Mental Health Care and the Free Market

Should Mental Health Care go to the highest bidder?

I can remember a conversation I had a while back with a county commissioner.  I was discussing an idea with him when he paused, calculated for a moment, and said “Yes.  That fits into my way of thinking.”   It was a while ago, so I don’t know if I have the actual words right, but it communicates the gist of what he was saying.  He supports something only if it fits into his ideological framework.  I appreciated his honesty, but it struck me that his methodology was…well…wrong.  While the platform of an elected official may have helped them to office, it seems to me that in a democratic republic such as ours, the needs of the people should be the primary issue.  This may sound naive, but the matter of governing should be an empirical matter more than an ideological one. 

Far be it for me to dispute the idea that Colorado’s mental health care system is broken.  I believe it is.  However, the question is not whether it is broken.  The question is how to fix it.

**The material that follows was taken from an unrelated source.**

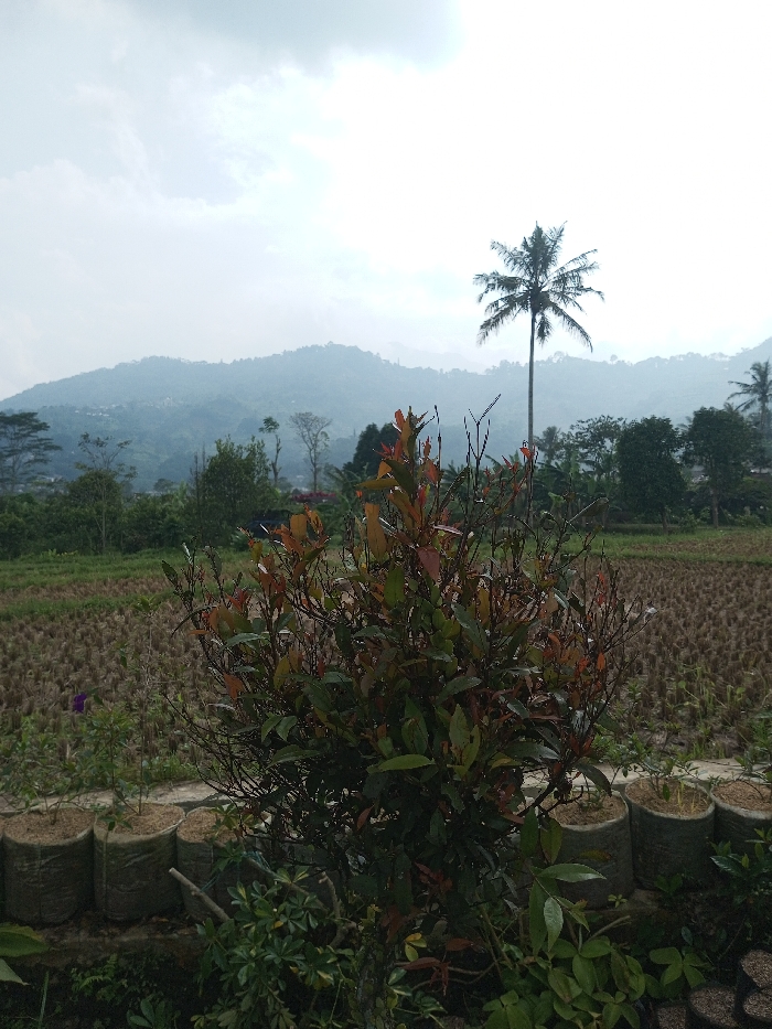 A verdant scene unfolds with a foreground of potted plants and a reddish-green bush, contrasting with the dry, harvested field behind. In the middle ground, trees punctuate the landscape, leading to misty, verdant hills under a cloudy sky. A tall palm tree stands prominently, adding to the tropical ambiance. The atmosphere is tranquil, emphasizing the natural beauty of the rural setting.

This seems to be the case in a new mental health law being considered by the Colorado legislature.  According to the Fort Morgan Times, this new law strives for more transparency when it comes to taxpayer dollars, but Community mental health centers worry that it may reduce services rather than improve them.  According to the Times, this new law promises to transform the mental health services making them more accountable and more efficient by bringing an end to the automatic lump sums given to the 17 regional mental health regions who are responsible for disbursing Medicaid funds to mental health clinics and practitioners.  While the article deals almost exclusively with clinics, private practice providers also play an important role in managing the State’s mental health services.  I know.  I was one.  At any rate, the State’s contention is that the present system is inadequate because “We are investing a billion dollars into behavioral health and we had many many people unable to access services in a timely fashion, or sometimes they were offered services, but it wasn’t what they needed,” Rep. Mary Young, a Greeley Democrat and one of the primary sponsors of the bill asserts.  These politicians say that they have interviewed a great number of people and providers whose stories tell of a broken mental health system, one that needs fixing.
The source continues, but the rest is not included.